Hepatic loss of miR-33 attenuates liver injury through the crosstalk of different cell types. Uniform manifold approximation and projection (UMAP) (A) and heatmap (B) representation of cell clusters identified from scRNA-Seq analysis. (C) UMAP of single-cell profiles from WT (gray) and HKO (red) mouse hepatocytes identified from scRNA-Seq analysis. (D) Canonical pathways represented by z score among differentially expressed genes in scRNA-Seq analysis of hepatocytes from WT and HKO mice. Red bars indicate pathways in which genes are upregulated in HKO, and gray indicates downregulated pathways on the predicted z score. All represented pathways were significantly changed with a –log P > 1.5. (E–I) Violin plots representing the top upregulated and downregulated genes significantly altered in the indicated pathways in hepatocytes.
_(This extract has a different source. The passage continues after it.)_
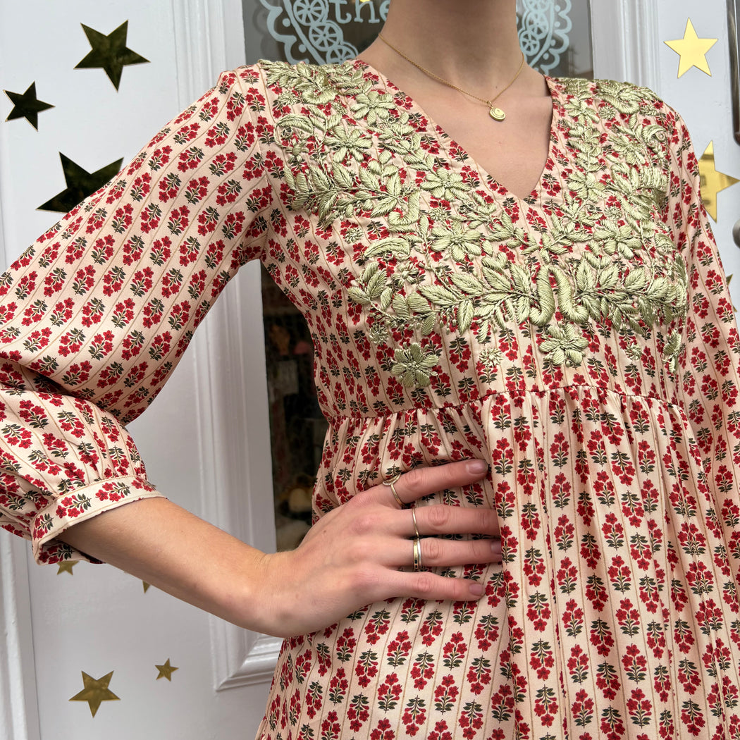 This beautiful dress is carefully handmade and hand embroidered in India. The delicate embroidery is done by a group of talented women in Mumbai. The Frangipani dress features a V-neckline 3/4 length sleeves with a slight balloon and a full length skirt.

Violin plot data display single-cell distribution of the indicated experimental groups. Orig.Ident, original identity.

Figure 7

miR-33 deficiency attenuates liver fibrosis without regulating miR-33 target genes in nonhepatocyte liver cells. (A and B) Heatmap showing HSC activation (A) and macrophage inflammatory/noninflammatory markers (B) identified from scRNA-Seq from WT and HKO mice livers. Color codes referred to z score. (C–F) Violin plots showing expression changes of miR-33 target genes in nonhepatocyte cells, including HSCs (C), endostellate cells (D), macrophages (E), and cholangiocytes (F). Violin plot data display single-cell distribution of the indicated experimental groups. ***Padj < 0.001 using default statistical test (Wilcox test) from Seurat package in R studio.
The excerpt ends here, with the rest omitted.